Lo scorso agosto, un’altra controversia aveva opposto Vučić a BIRN, questa volta in relazione alle rivelazioni del network giornalistico sull’accordo tra Serbia e Etihad per il passaggio di proprietà della compagnia aerea statale Air Serbia (ex JAT). Anche in tale occasione, Vučić aveva preso spunto dai finanziamenti UE a BIRN per criticarne pubblicamente l’operato.
“Avrei immaginato che Vučić dovesse ringraziare BIRN per aver portato alla luce la corruzione, che è ciò che lui aveva detto voler fare, anziché attaccarlo,” ha commentato Tim Judah. Vučić aveva conquistato il posto da primo ministro serbo, alle elezioni anticipate del marzo 2014, su una piattaforma politica di lotta alla corruzione e al malgoverno. Come nell’espressione coniata tempo fa dalla giornalista croata Ines Sabalic, “l’anticorruzione è il nuovo nazionalismo,” collante di legittimità perseguito perché in grado di garantire popolarità a partiti post-ideologici.
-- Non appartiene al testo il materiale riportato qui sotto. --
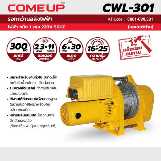 รอกกว้านสลิง CWL-301 (มอเตอร์ถ่าน) ยี่ห้อCOME-UP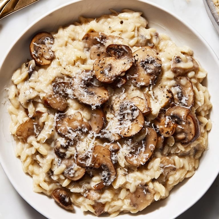 While not traditional Italian risotto this dish is inspired by Northern Italian flavors that merge pasta and mushrooms into creamy irresistible comfort food. Orzo is a pantry staple in Mediterranean cooking and adapts effortlessly to quick creamy recipes like this one.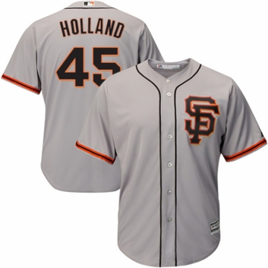 Youth Majestic San Francisco Giants #45 Derek Holland Replica Grey Road Cool Base MLB Jersey

Un meeting di chiarimento tra il governo serbo e la delegazione UE a Belgrado è previsto per martedì 20 gennaio. Secondo l’analista Dusan Janjic, “è meglio [per tutti] che questa polemica si trasformi al più presto in un dialogo costruttivo”. Vučić è sotto pressione da più parti, secondo Janjic: da chi, all’interno del suo partito, segue la linea del presidente Nikolic e vorrebbe decelerare il passo nelle relazioni con l’UE, e dai contatti europei che hanno finora riposto nel primo ministro tutta la loro fiducia e si attendono di capire se egli possa essere ancora considerato un partner affidabile.
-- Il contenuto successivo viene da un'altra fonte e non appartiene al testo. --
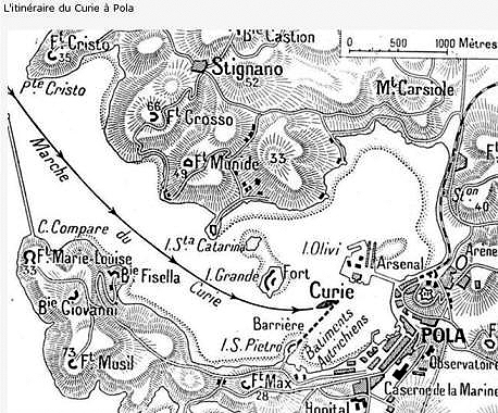 The Curie, launched in 1912, belonged to the Brumaire-class, with diesel power for surface running. In August 1914, when France and Britain went to war with the Central Powers – Germany and Austro-Hungary – Curie was assigned to supporting the French Navy’s attempt to close off the Otranto Straits between Southern Italy and Greece. By so doing they would bottle-up the efficient and locally powerful Austro-Hungarian navy within the Adriatic. Blockade was however a slow process and more daring spirits considered the possibility of infiltrating a submarine into the main Austro-Hungarian naval base at Pola, close to the head of the Adriatic, so as to sink major units moored there.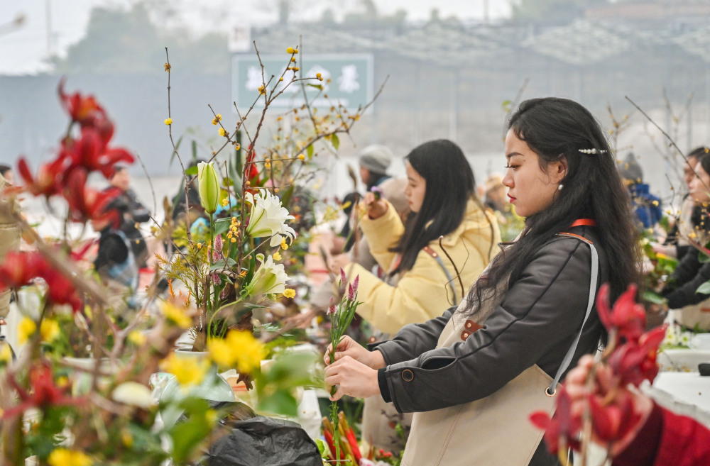 以蜡梅为主要花材的花束深受市民喜爱。首席记者 龙帆 见习记者 魏瑞 摄

La Serbia ha ricevuto nel 2014 lo status di paese candidato all’adesione all’UE, ed aspetta ora una data per avviare ufficialmente i negoziati sui vari capitoli dell’acquis legislativo UE, dopo la prima conferenza intergovernativa UE/Serbia del gennaio 2014. Polemizzare con la Commissione UE e creare dubbi sullo stato della libertà di stampa nel paese peraltro in un momento in cui la libertà d’espressione è al centro dell’attenzione continentale a seguito del caso Charlie Hebdo, potrebbe non aiutare Belgrado a raggiungere tale obiettivo. Le istituzioni UE aspettano che riprenda in maniera concreta il dialogo tra Belgrado e Pristina, rimasto in sospeso nel 2014 per via delle scadenze elettorali nelle due capitali, prima di procedere ad ulteriori passi, che potrebbero essere presi nel Consiglio europeo del giugno 2015.